На грани серьёзного — страница 32 из 43

– Сюда, – он указал на дверь с металлической табличкой «Белмат групп».

– Я слышала, конечно, про мировой финансовый кризис… – протянула Кира. – Но чтобы так… Слишком давно не была в банке.

– Это не банк, – нехотя произнес Эрик, не решаясь пригласить ее внутрь.

– Да ладно! Не может быть!

– Слушай, если тебе надо поржать, давай здесь. Я работаю в фирме, которая продает банкоматы.

– Ну… В целом… – Кира наклонила голову и прищурилась. – Действительно, банковская сфера. Не могу придраться. Я уже побаивалась, что банковская сфера – это банк доноров… Просто ты так профессионально предложил помощь… А что за банкоматы?

– Белорусские.

Последнее слово он произнес тихо и обреченно, пялясь куда-то в пол.

– В Беларуси делают банкоматы? И ты их продаешь? – Кира старалась выглядеть серьезной, умоляла саму себя не высмеивать первое честное признание Саакяна, но ее разрывало изнутри.

– Все в порядке, можешь смеяться, – вздохнул он.

– Нет-нет… Боже… Я не смеюсь, не смеюсь. Я серьезно… – она старательно вспоминала мамину собаку Журу, которая преставилась два года назад, дядю Федю, который заводил бензопилу и лишился пальца на ноге, потому что цепь отскочила.

Всеми силами поднимала из глубин подсознания хоть что-то грустное, чтобы не расхохотаться в лицо продавцу белорусских банкоматов.

– Где здесь дамская комната? – из последних сил выдавила она.

Знала, как важно для армянина самолюбие, но ничего не могла поделать с врожденным чувством юмора.

– Там, – махнул он раздраженно.

Видимо, она была не первым человеком, кого рассмешило словосочетание «белорусские банкоматы». Господи, вот о чем ему надо было говорить со сцены! Он бы раскатал зал, уложил штабелями на пол. Людей бы с острой икотой вывозили на машинах «неотложки». Даже после трехдневной селедки под шубой, которую Кира беззаботно съела со словами «что ей в холодильнике будет», она неслась к туалету с меньшей скоростью. Хохотала до слез, до спазмов в желудке, до боли в мышцах пресса.

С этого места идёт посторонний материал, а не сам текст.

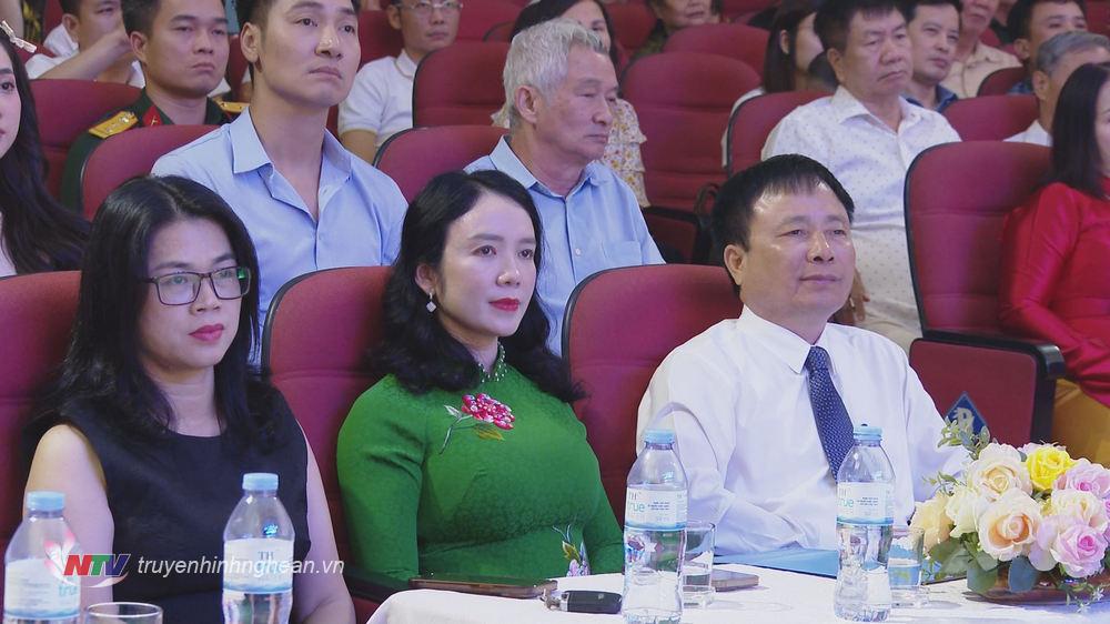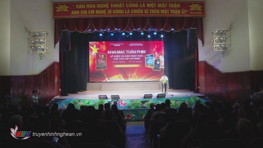 | Cục trưởng Cục Điện ảnh (Bộ VHTTDL) cùng đại diện lãnh đạo tỉnh Nghệ An, các nghệ sĩ, đoàn làm phim tại chương trình khai mạc. |
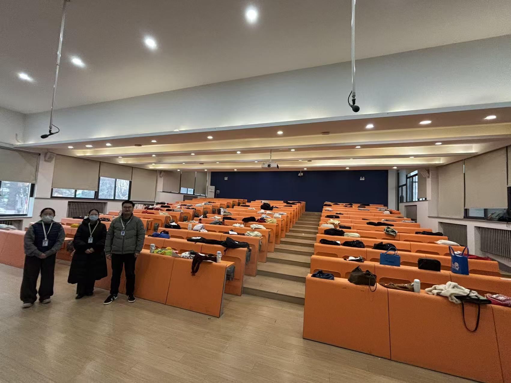 12月20日毕业班辅导员们提前到教学楼116教室,系统规划物品存放区域,明确分类、保管及领取流程,张贴考场须知,通过细致安排营造有序、安心的候考环境。

– Отпустило? – Эрик встретил ее с мрачным видом.

– Не-не, – она мотнула головой. – Я в порядке. Выпила много чая…

– Здесь хорошая акустика.

– Ну не сердись! Я… Я не хотела смеяться… Ну банкоматы и банкоматы.

– Все нормально. Я привык.

Выяснилось, что Эрик работает торговым представителем. Разъезжает целыми днями по банкам и рассказывает им про чудо белорусской инженерии. И поскольку люди в финансовых конгломератах работают по большей части либо очень воспитанные, либо просто начисто лишенные чувства юмора, с подобной реакцией Эрик сталкивается не каждый день. Зато мастерски очаровывает своим баритоном и итальянским кашемиром денежных воротил, нарабатывает связи. Даже вот «Мазду» купил.

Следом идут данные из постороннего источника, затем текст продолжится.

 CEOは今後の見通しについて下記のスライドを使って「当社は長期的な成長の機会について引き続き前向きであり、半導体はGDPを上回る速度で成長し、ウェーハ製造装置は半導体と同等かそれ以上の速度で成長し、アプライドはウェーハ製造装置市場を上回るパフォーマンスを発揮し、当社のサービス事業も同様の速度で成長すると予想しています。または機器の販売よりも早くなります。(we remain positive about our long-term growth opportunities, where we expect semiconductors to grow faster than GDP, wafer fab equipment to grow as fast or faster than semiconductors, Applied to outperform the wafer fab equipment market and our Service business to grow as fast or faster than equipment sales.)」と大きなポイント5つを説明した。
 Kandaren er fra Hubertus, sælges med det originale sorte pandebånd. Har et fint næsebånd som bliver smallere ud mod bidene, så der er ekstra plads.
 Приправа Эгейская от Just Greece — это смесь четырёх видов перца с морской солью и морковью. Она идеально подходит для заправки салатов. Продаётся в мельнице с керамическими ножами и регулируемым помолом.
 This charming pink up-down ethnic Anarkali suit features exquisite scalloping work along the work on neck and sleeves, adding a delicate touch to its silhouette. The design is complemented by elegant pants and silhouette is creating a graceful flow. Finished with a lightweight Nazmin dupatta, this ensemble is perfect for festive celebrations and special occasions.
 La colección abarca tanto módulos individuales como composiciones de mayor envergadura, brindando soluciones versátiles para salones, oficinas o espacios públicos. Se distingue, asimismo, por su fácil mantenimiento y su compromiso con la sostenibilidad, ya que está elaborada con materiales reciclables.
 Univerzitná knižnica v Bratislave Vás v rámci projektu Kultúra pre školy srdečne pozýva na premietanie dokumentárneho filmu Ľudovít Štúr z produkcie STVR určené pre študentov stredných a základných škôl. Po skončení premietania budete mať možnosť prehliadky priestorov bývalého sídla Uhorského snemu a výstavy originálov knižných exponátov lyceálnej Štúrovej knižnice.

Кира посмотрела на образец банкомата, который стоял в центре офиса, как алтарь. На его фоне самолюбование Эрика выглядело крайне странно. С тем же успехом можно было рекламировать трусы ивановской текстильной фабрики на черно-белом плакате в зале ожидания аэропорта. В том самом бизнес-отсеке, где стаканчик апельсинового сока стоит как полноразмерное плодоносящее дерево.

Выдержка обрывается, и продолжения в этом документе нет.